Altro carattere da sottolineare negli statuta biellesi è il tema dell’identità in relazione ai rapporti della città con il cosiddetto mondo dell’altro e delle minoranze, contesto sociale certamente esistente e sentito entro le mura di Biella nel corso del Medioevo se divenuto oggetto di diverse previsioni legali, come constatabile anche da una superficiale lettura dei dettagli delle rubriche della relativa raccolta, oggetto di evoluzione e di vari rimaneggiamenti nel tempo. Le minoranze costituiscono, nella specie, un fenomeno giuridico oggi a valenza generale, sebbene sia osservabile per certi aspetti e sin dall’antichità, con un forte incremento negli ultimi cinque secoli, un costante e sistematico impegno di limitare le discriminazioni onde conseguire una parità di trattamento12. Gli statuta biellesi, in particolare, presentano, come ogni altra similare legiferazione consultabile in altri comuni coevi, una notevole diffidenza per coloro che sono altri13, specie come evincibile all’interno della Rubrica XIIII: nessun straniero, secondo il cap. 242, poteva abitare in città senza esserne diventato prima cittadino, previa approvazione delle locali istituzioni e dietro presentazione di adeguata garanzia economica e cospicuo contributo patrimoniale, preferibilmente a finalità militare, o, come da cap. 260, a seguito di attestata stabile residenza nell’abitato fortificato per un periodo di almeno dieci anni; tuttavia, a questi indirizzi fortemente orientati lungo un profilo fortemente economico-patrimoniale, dal momento che abitare nella città voleva anche dire lavorare e contribuire, si accosta il cap. 244, il quale si focalizza, invece, sull’origine e sulla nascita dei potenziali abitanti. Princìpi e valori, quelli sopra citati, che paiono trovare una sostanziale conferma anche nel Repertorio degli Statuti del Comune di Biella, compendio delle elaborazioni di epoca successiva della raccolta normativa considerata.

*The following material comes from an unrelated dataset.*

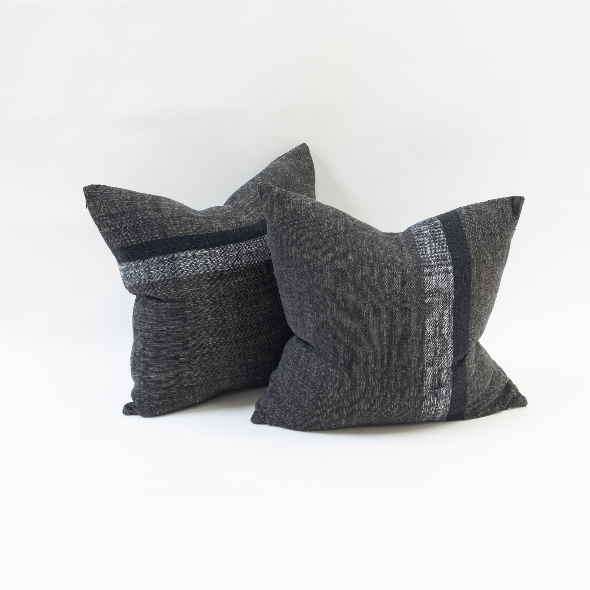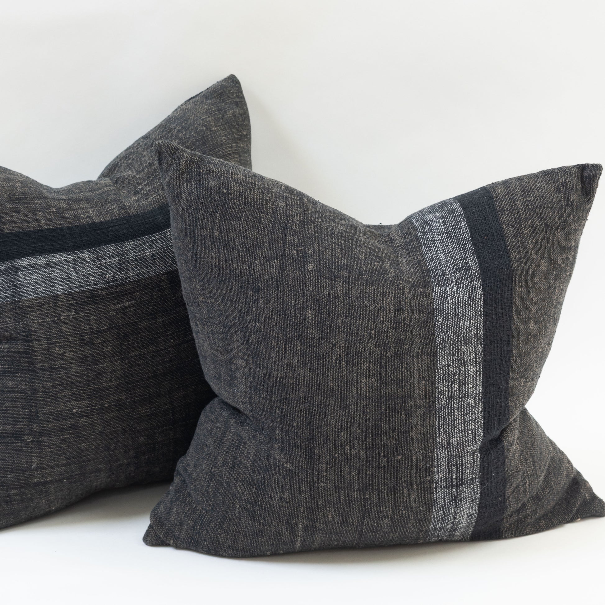 Handwoven pillow cover in dark brown, black and gray stripes made from handspun, botanical hand-dyed raw cotton yarns with zipper closure. Includes insert.

In conclusione, quindi, è possibile affermare che a Biella, già nel XIII secolo, erano ravvisabili alcuni dei prodromi dello stato attuale, i sintomi identitari dell’Italia, paese fortemente improntato ad una cultura a matrice cristiana, fondato sul lavoro e sulla valorizzazione delle autonomie e delle specificità locali.

Gianni Cilloco

  1. Cfr. la Presentazione al libro di L.Squillario, p. VI, nonché la seguente Introduzione di G.S.Pene Vidari, p. XIII. []
  2. Cfr., G.S.Pene Vidari, cit., pp. XVIII-XXII. []
  3. Cfr., A.Barbero e C.Frugoni, Dizionario del Medioevo, Laterza, Roma – Bari, 2008, voce “Statuto“. []
  4. Cfr., G.S.Pene Vidari, cit., pp. XIX-XX. []
  5. Cfr., M.Bloch, Apologia della storia o mestiere di storico, Einaudi, Torino, 2009, pp. 49-55. []
  6. Cfr., M.Coda, Il Comune di Biella. Origine, sedi e simboli araldici, Comune di Biella, Biella, 2003, p.7; G.S.Pene Vidari,cit., pp.XX-XXV. []
  7. Cfr., F.Negro, Tracce di storia sull’antica città di Biella, Lineadaria, Biella, 2007, pp. 23-29. []
  8. Cfr., N.Bobbio, L’età dei diritti, Einaudi, Torino, 1997, p. XIII. []
  9. Cfr., Libro di Daniele, X, 13-21. []
  10. Cfr., F.Cardini, Tre stelle dal Medioevo. L’Europa cristiana di Benedetto da Norcia, Caterina da Siena e Brigida di Svezia, in « Luoghi dell’Infinito », n. 133, anno 2009, pp. 8-15. []
  11. Cfr., A.Cattabiani, Santi d’Italia, BUR, Milano, 2007, pp. 5-12. E per il Biellese: A.S. Bessone Introduzione, in Vachino G. – a cura di, I Santi sui muri, DocBI – Centro Studi Biellesi, Biella, 2009, pp. 19-65. []
  12. Cfr., E.Palici di Suni Prat, Intorno alle minoranze, Giappichelli, Torino, 2002, p. 1. []
  13. Cfr., G.S.Pene Vidari, cit., p. XL. []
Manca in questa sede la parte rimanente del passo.